All lines in the records below from the line with "Volný set oblečení, skládající" through the line with "Цвет #B65911 в" are to be given again exactly, both ends included; the pictures are to be left out.

(Data provided begins)

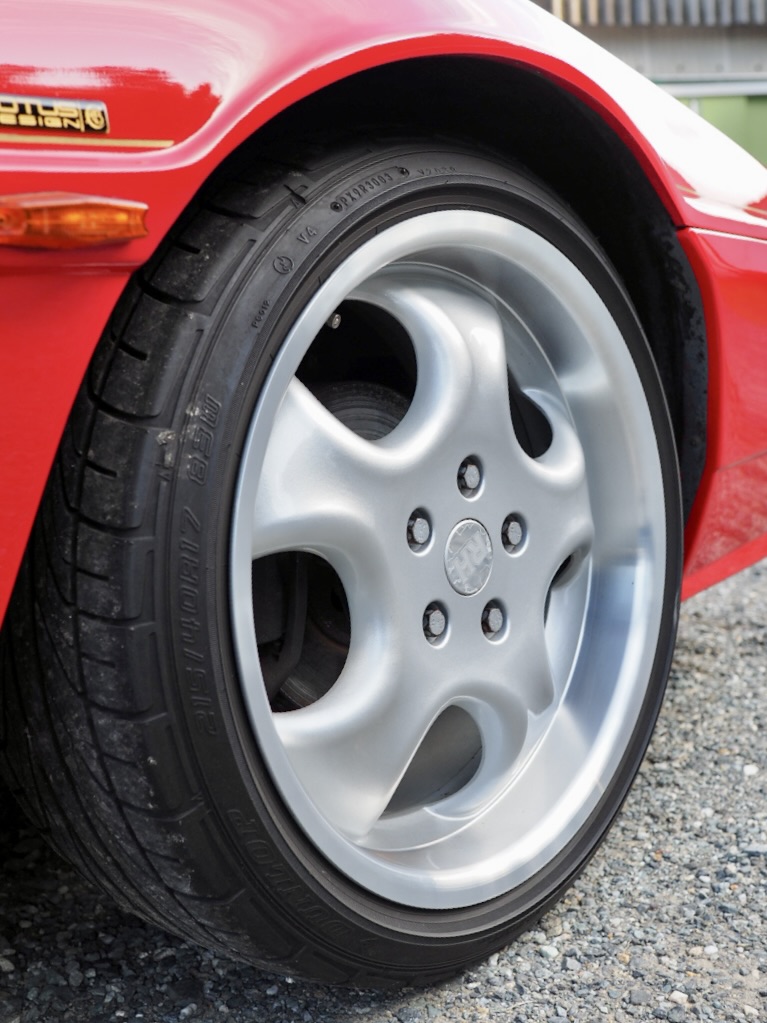 Next, while the original wheels have been carefully stored in the garage, the car has been fitted with German-made RH Alurad wheels—17 inches at the front (215/40R17) and 18 inches at the rear (245/40R18). These are paired with modern Dunlop low-profile tires (DIREZZA D101). To match the visual balance of the lower-profile stance, adjustable coilover dampers were installed. Ground clearance is still properly maintained, yet the Esprit has been beautifully transformed into a wider, lower, more assertive presence.
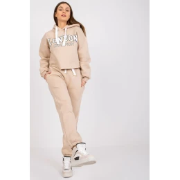 Volný set oblečení, skládající se z mikiny a kalhot, je ideální volbou pro každodenní stylizace. Mikina s potiskem na přední straně a praktickou kapucí dodává sadě moderní, městský charakter. Šňůrky u mikiny a kalhot umožňují nastavení, což zajišťuje pohodlí a individuální přizpůsobení. Kalhoty s dlouhými nohavicemi, zakončené elastickými manžetami, zaručují stylový vzhled a pohodlí nošení. Vysoký pas kalhot a boční kapsy přidávají funkčnost a zdůrazňují pohodlí celého setu. Vyrobený z převažující bavlny je set měkký, vzdušný a ideální na volný den doma nebo na procházku.
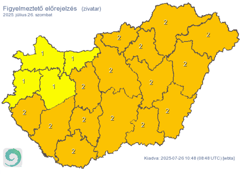 Másodfokú riasztást adtak ki Békés vármegyére zivatar és felhőszakadás miatt – jelent meg a HungaroMet NZrt. oldalán.
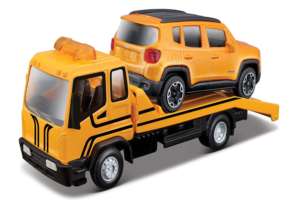 Setul de joaca Evacuator cu masinuta Jeep Renegade, Bburago va fi un cadou excelent atat pentru un copil pasionat de masini mici, cat si pentru un fan adult din industria auto globala.
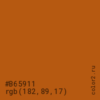 Цвет #B65911 в цветовой модели RGB обозначается тремя октетами (182, 89, 17) в десятичном формате и #B65911 в шестнадцатиричном (hex) формате, которые являются интенсивностью красного 182 (hex B6), интенсивность зелёного 89 (hex 59) и интенсивность синего 17 (hex 11).
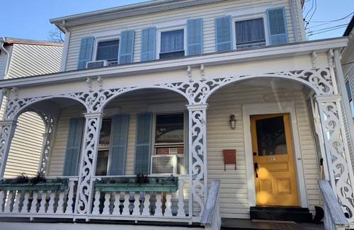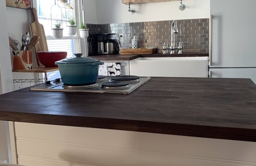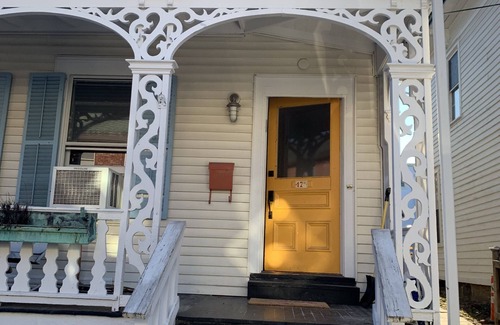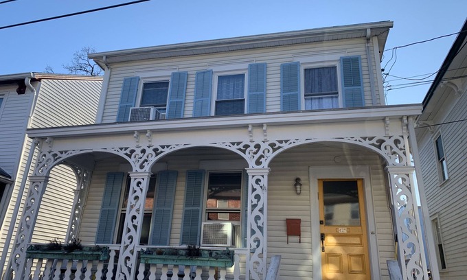 Separate apartment in the hip part of Kingston . Newly decorated 2 bedroom apartment in a historic house . The apartment t blends modern and vintage charm . New kitchen with all the amenities to cook a gourmet meal or if you prefer it is within walking distance of some great restaurants . Claw foot tub to relax in and 2 lovely bedrooms . A living dining space is bright and sunny and is decorated with great detail .Kingston is rapidly becoming the hip section of ulster county and this properties is near the water , art galleries , shops and great places to eat . You will not be bored exploring this vibrant part of Kingston . It is a perfect blend of urban and upstate charm . There is a backyard hot tub which can be used by guests all year round . Pets are welcome , just please let us know you are bringing your 4 legged family members when you book .

(Data provided ends)

## Your response
 Volný set oblečení, skládající se z mikiny a kalhot, je ideální volbou pro každodenní stylizace. Mikina s potiskem na přední straně a praktickou kapucí dodává sadě moderní, městský charakter. Šňůrky u mikiny a kalhot umožňují nastavení, což zajišťuje pohodlí a individuální přizpůsobení. Kalhoty s dlouhými nohavicemi, zakončené elastickými manžetami, zaručují stylový vzhled a pohodlí nošení. Vysoký pas kalhot a boční kapsy přidávají funkčnost a zdůrazňují pohodlí celého setu. Vyrobený z převažující bavlny je set měkký, vzdušný a ideální na volný den doma nebo na procházku.
 Másodfokú riasztást adtak ki Békés vármegyére zivatar és felhőszakadás miatt – jelent meg a HungaroMet NZrt. oldalán.
 Setul de joaca Evacuator cu masinuta Jeep Renegade, Bburago va fi un cadou excelent atat pentru un copil pasionat de masini mici, cat si pentru un fan adult din industria auto globala.
 Цвет #B65911 в цветовой модели RGB обозначается тремя октетами (182, 89, 17) в десятичном формате и #B65911 в шестнадцатиричном (hex) формате, которые являются интенсивностью красного 182 (hex B6), интенсивность зелёного 89 (hex 59) и интенсивность синего 17 (hex 11).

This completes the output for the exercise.